В кубе потемнело, это ребята, сгрудившись над щелью, загородили свет. Я слышал встревоженные голоса, они решали, что со мной делать, как вызволить из западни. Ага, забеспокоились! Что ж вы не волновались, посылая меня в этот бетонный кишечник?!

— Он просто испугался.

— Ему надо прийти в себя.

— Так бывает… Он сейчас соберется.

— Нервный срыв.

— Перебздел.

— Точно — сыкло!

— Как не стыдно! Ему и так там плохо…

— Нежные вы, москвичи!

— Юрастый, — нарочито добрым голосом спросил Алан. — Слышишь?

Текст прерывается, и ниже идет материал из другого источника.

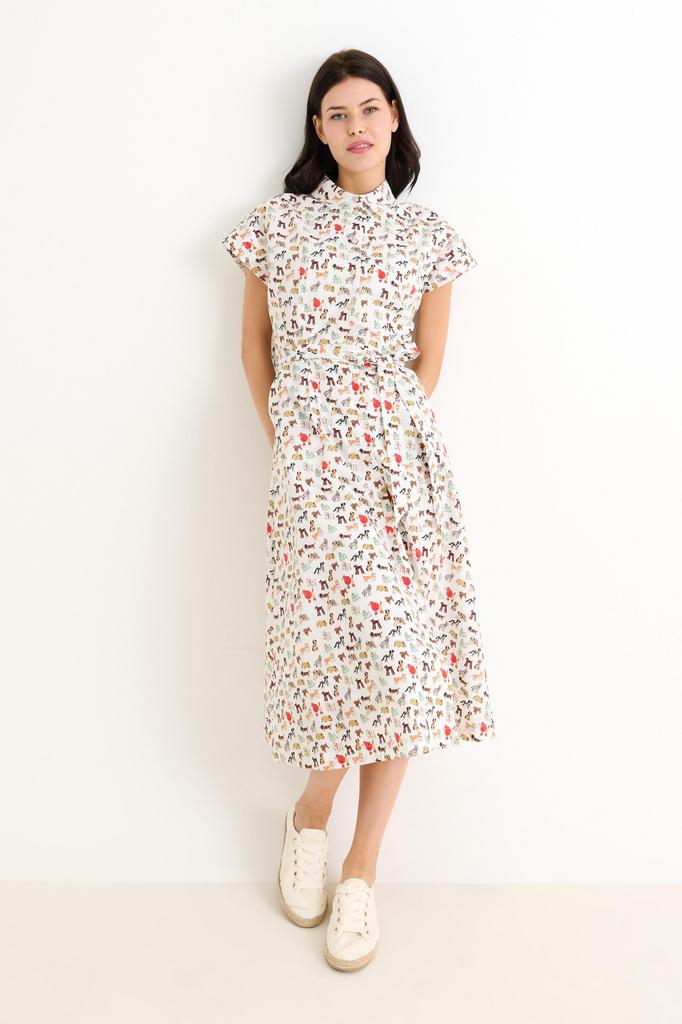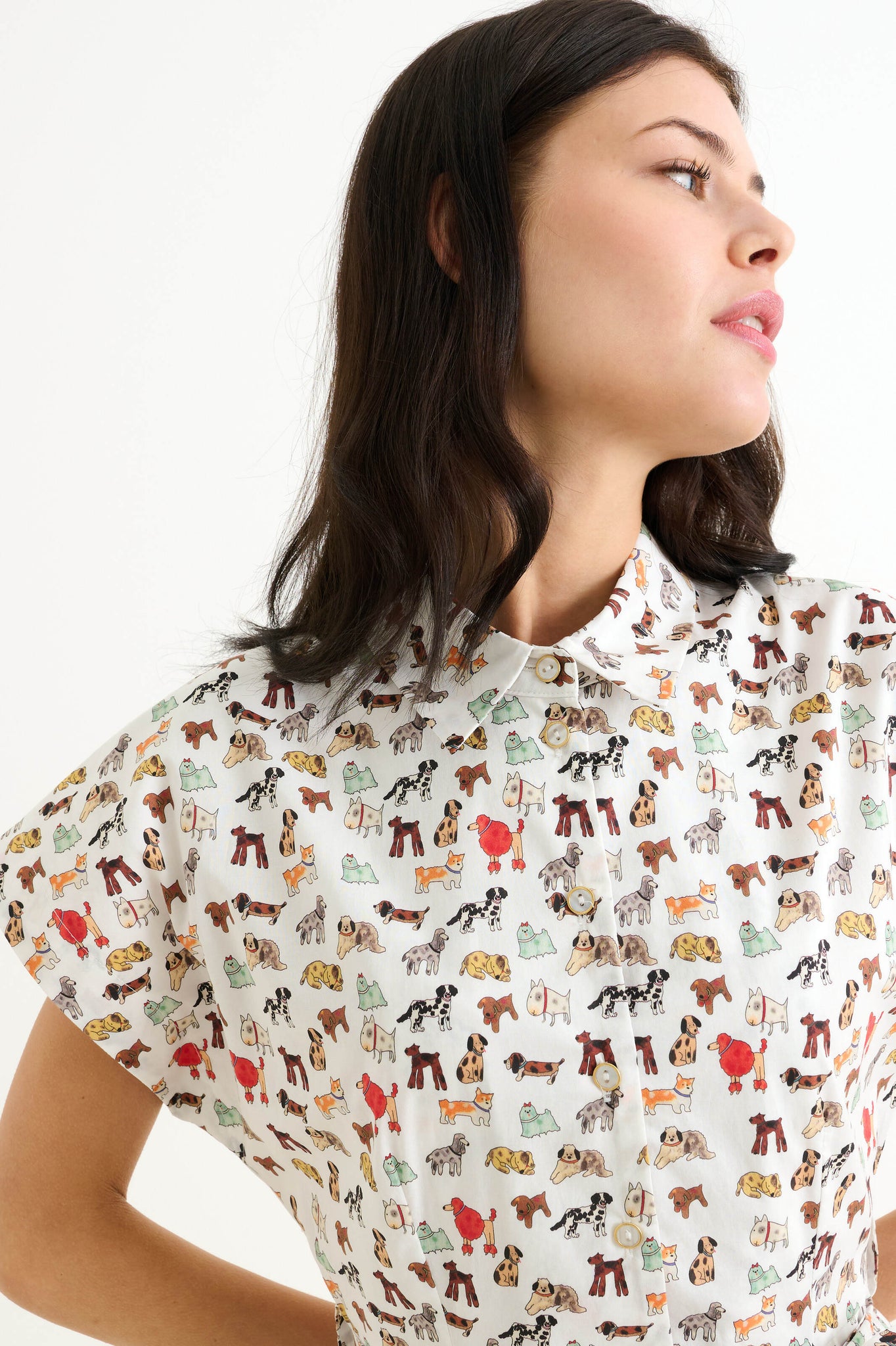 Danica är en fantastisk skjortklänning i skön bomull från Louche med mönster av olika hundraser! Knyt i midjan och fickor. Matcha med din hund och de färger som finns i klänningen.

— Слышу, — ответил я, впихнув лицо в просвет.

— Расслабься. Отдохни. Подыши. Постарайся ни о чем не думать. Главное — не паникуй! Надо всем отойти в сторону. На нас уже смотрят, и мы ему загораживаем воздух.

— Загораживать воздух — это что-то новенькое! — хохотнул пижон.

— Заткнись!

В кубе снова посветлело, и меня оставили в покое. Снаружи доносились плеск и веселые крики купающихся. В небе натужно гудел самолет, заходящий на посадку в Сухуми. Потянуло пряным табачным дымом: видимо, Гога закурил свои сигареты с верблюдом.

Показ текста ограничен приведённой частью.